Saturday, July 03, 2004

 
Here's a recent poem. (Reading it again, I see an aversion to (a 'swerving from,' even) tragedy. I know, it's only a tree. But that too is what I mean.)




Self-Georgic: Dwarf Gravenstein


A tree
which never awoke rolled over
into the warm season without a leaf—
Here I transcribe its dreams, its and not mine:

under clouds, it is strongest
among a field of near-as-strong, its children. There are no men
and wasps, the sun they doze through,
humid sun, and sometimes a slow breeze beats over
a moireish Turkmen carpet of rotting apple, from which birds
with ravenous appetites carry its seed and over
oceanic fields of humus drop them in waves. Nothing
stems these coming saplings but themselves. All is
as it should be, uncontained sun and roots full as trunks
until remembering the depth of pleasure, sap

underground and roots so swollen away
from cold, horizon, breeze, no farther out than we mostly are
with our attentions as we walk familiar home,
with the season contracts, expands to dreaming,
to concentration and depth, and finds itself
in the pleasure of depth a dream, an overless season
of self, self-
knowledge, rippless sea unwaiting, time untimed.

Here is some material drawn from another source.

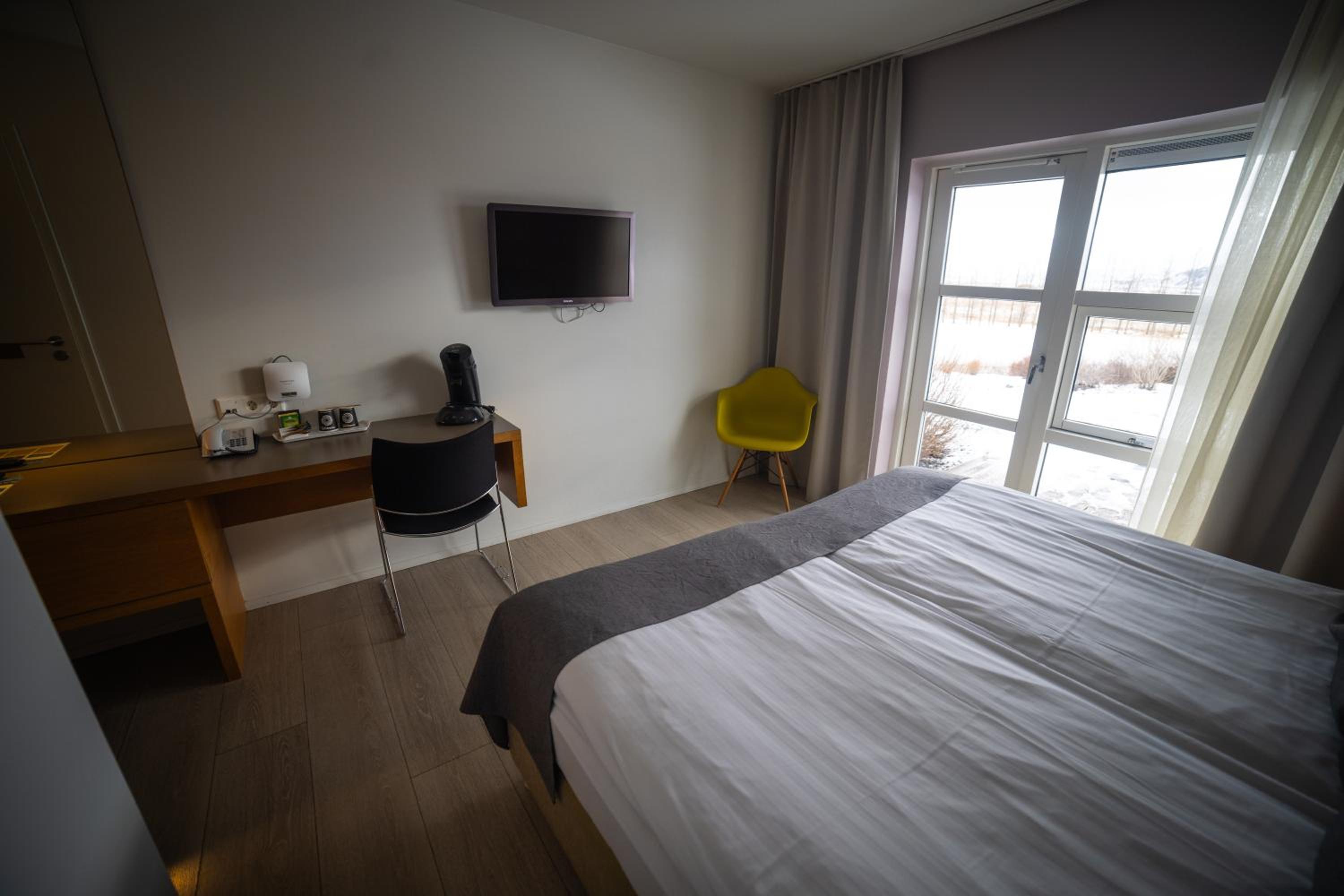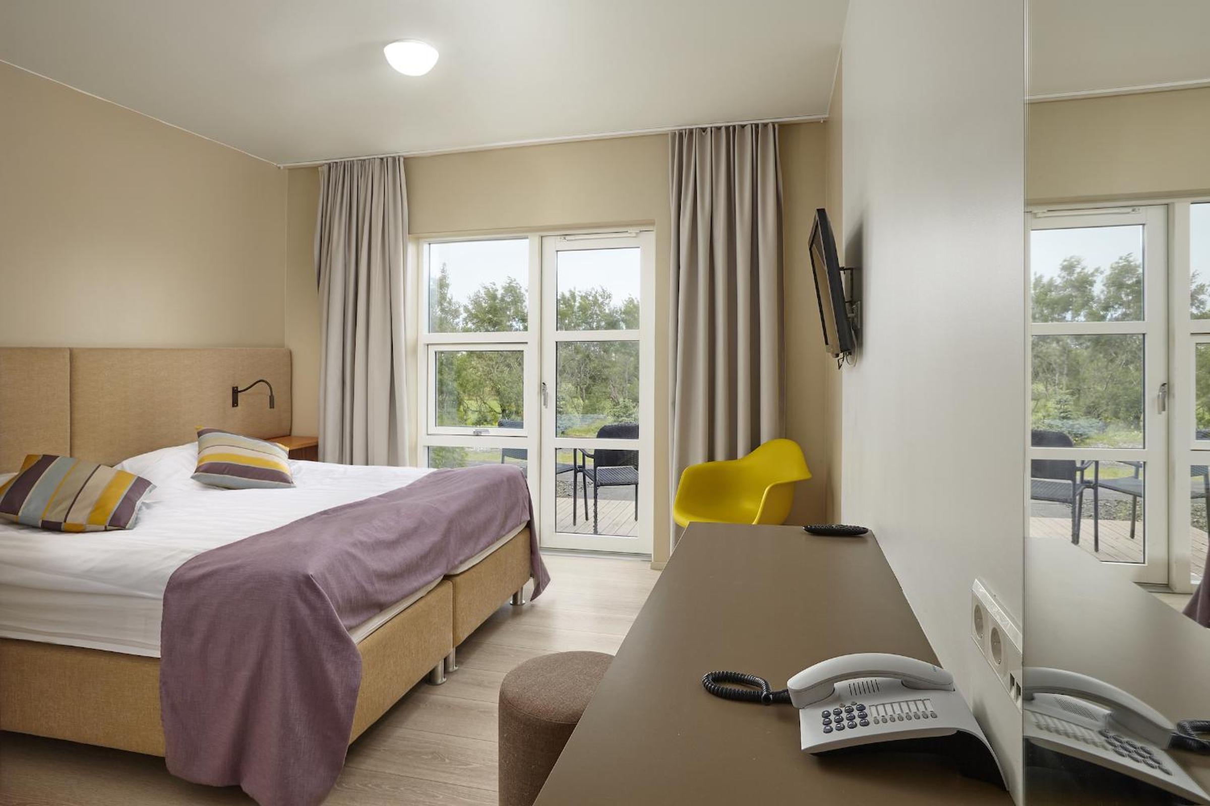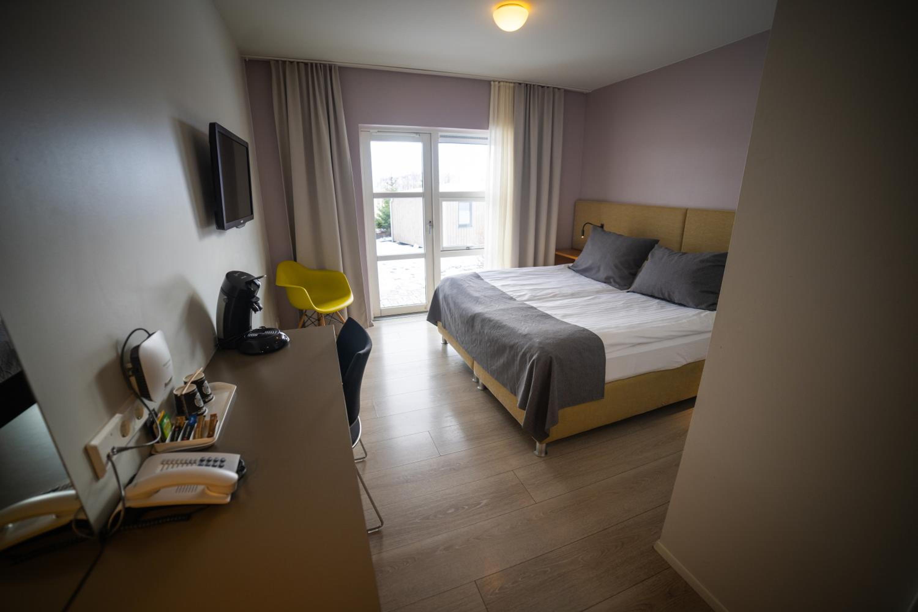 Enjoy the sleek and minimalist design of Hotel Hamar's rooms, complete with heated floors and a private patio. Rejuvenate in the private bathrooms featuring refreshing showers.

Two dreams here, in this one container.
From the nursery dormant, full-rooted, ready
to grow into my landscape
and dreams and my son’s knowing.
It is green-cambered and is yet unleaved.
It will slowly die, though we give it water.
Though it once grew, must have, to become what it, though slender, is,
it has in our home chosen self-knowledge over life.
There are better ways to know yourself than dreaming.
A tree may not know that. A tree may only know
the other way when knowing, the way which is inward and
too gradual to mean. Better you should look for life
in forgetfulness, tree, better you should be nothing.
Nothing is better than the meaning which suffocates
with its promise that eloquence, that of leaves or tongues, is
a matter of self, not time, or can be.